More was promised from western Ukraine. At least she was well and doing what she loved. No call from the police, so far.
In his bedroom, he picked up the Arpège box, black and gold, Art Deco. On the bottom was a tiny sticker. Printemps Paris. The great department store on the boulevard Haussmann was familiar enough from his and Ella’s French holidays with his mother’s friend, the marquis. He’d taken them shopping and to lunch there. Did Selfridge’s stock perfumes from Au Printemps? Turning the box, he saw someone had pencilled four numbers inside the lid.
****
Next morning he took his usual underground towards chambers but left it at the next station and walked back to Gloria. He sat at the table that Walter Thomas had chosen. It was a few minutes before ten.
At five to eleven, he paid and was about to go when a hot and bothered Nick Harry walked in, looked round, saw him, hung up his coat and the trilby hat and came over.
‘What a bloody daft way of making a rendezvous. Our man finally thought to mention you’d handed him a newspaper. Fortunately he’d brought it back. We had to hunt for it, then someone spotted the crossword. One of the secretaries knows this place.’ He picked up the menu and spoke over it. ‘I’d have got in touch with you by phone without all these dramatics.’
‘I thought it would get someone here. Obviously, I couldn’t know it would be you. Before we go any further … tea, coffee?’
‘Coffee please.’ Harry put the stubby pipe on the table, next to it a well-worn leather tobacco pouch and a box of matches.
Peter signalled to the waitress. ‘I can recommend the apple tart, too.’ When she’d gone, he said, ‘I suppose I should ask for whom you’re working and to see some credentials.’
Harry replied promptly, ‘Government service. Security. Do you want to see my papers?’
Peter shook his head. ‘I don’t need convincing, thank you.’
‘I take it you knew you were being followed?’
‘First the clerk, Jarvis, announced my departure. Twice. Then your man practically trod on me every time I stopped.’

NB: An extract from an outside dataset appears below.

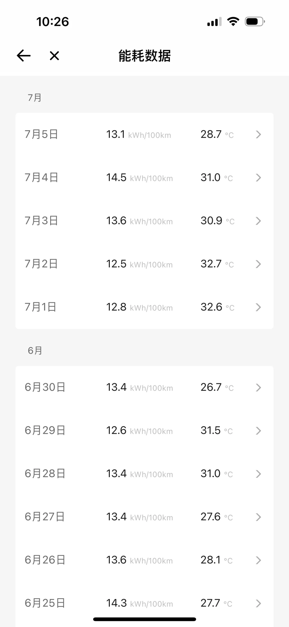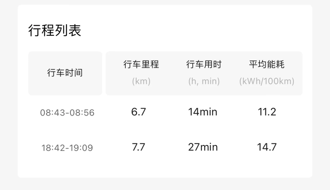 4️⃣可以查看单日纪录,每天的电耗和气温,点击日期,也能看到当天的能耗数据,对行程做了个列表,几点几分行车,行车多少里程,用时多少,平均能耗,数据统计还是挺全的。

‘You should try following someone in the fog. The blackout’s next to impossible. Which reminds me …’ The eyes smiled for a moment. ‘… where’s that girlfriend of yours?’
‘No
idea. She’s vanished from the face of the earth. No messages, no nothing.’
‘We’ve had people looking out for her. No sightings yet.’

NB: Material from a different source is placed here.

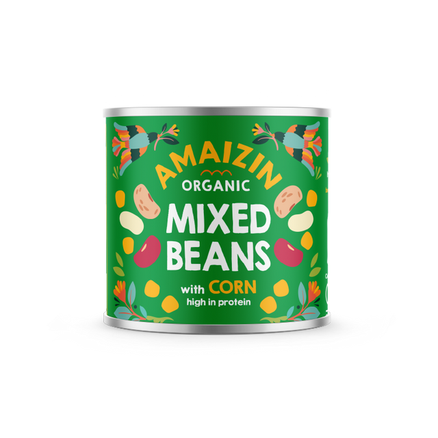 Discover the delicious blend of organic mixed beans with corn from Amaizin. This vegan-friendly product comes in a 200g can, perfect for adding to salads, soups, or as a tasty side dish. Enjoy the natural goodness of this nutritious mix.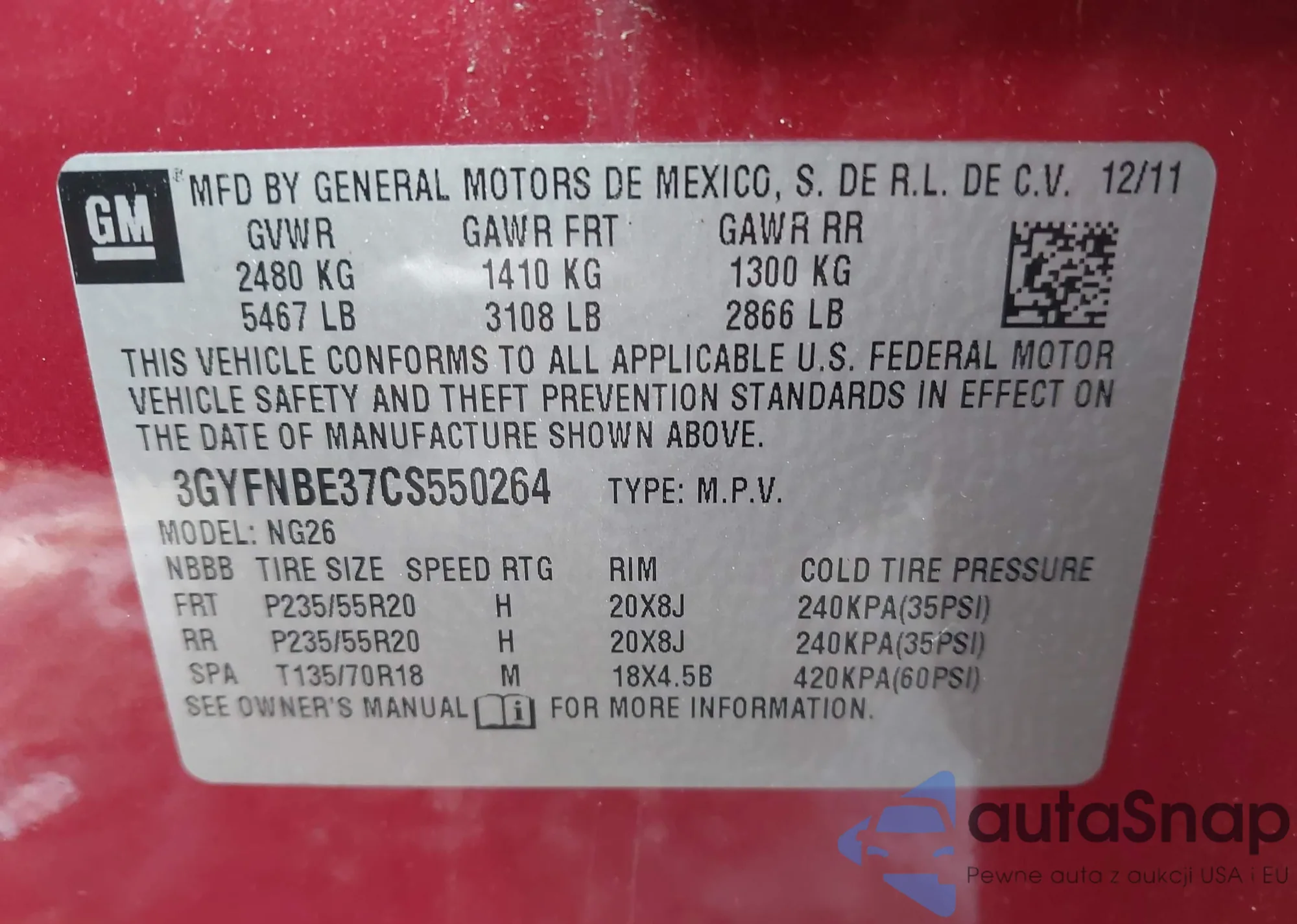 Автомобиль Cadillac SRX 2012 (VIN 3GYFNBE37CS550264) ранее не участвовал в торгах. Документы чистые, пробег соответствует или ниже среднего по рынку. Продаётся страховой компанией — рекомендуем покупку. Доставка в порт займет около 6–8 недель.

‘Why the interest? It’s her grandfather your people have locked up.’
Harry shook his head. ‘I’m here to tell you she’s left you in a load of trouble.’

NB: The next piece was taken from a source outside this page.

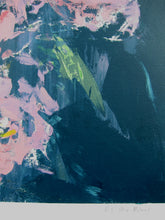 One of a kind, hand painted (two layers!) on a silk screen, then printed on Fabriano 300GSM cold press paper.    I work out of a screen print studio in East London called The Print Club.

‘She’s nothing to do with that wretched red folder. Nor am I.’
‘The red folder’s only part of it.’ He paused while his coffee and tart were served, glancing round the café and picking up the stubby pipe. ‘Nice place.’ With deliberation, the pipe was filled, the tobacco tamped down with square strong fingers. ‘Comfortable.’ He lit the pipe and pulled on it with satisfaction, then put it into the ashtray and leaned forward. ‘Now, Peter, please listen to this. Believe me, I’m doing my best to be helpful. Friends who worry about a Nazi Fifth Column are very worried about you. However, different friends who keep their eyes skinned for Soviet agents passing our secrets on to the Nazis via Moscow are also worrying about you. Luckily for you for the moment, they can’t agree between them which master you’re serving, or which is cover for which, or who should do what with you.’
Peter went hot and flushed. ‘But this is all nonsense. I would never betray our country.’
‘I’m keeping an open mind. I’ve made the argument that you’ve wandered into things you don’t comprehend, innocent abroad, taken advantage of. Still, it doesn’t look good for you. Some of our friends say you’ve shown you’re chummed up with the Comintern. Others point to the clear fact of your keeping charge of the potential British Nazi Party membership records, being noted there as a significant supporter, and even writing notes on possible sympathisers.’
Peter suppressed a desire to laugh at it all. In that case, what price his telling Dinah about the dinner guests? Her spy indeed.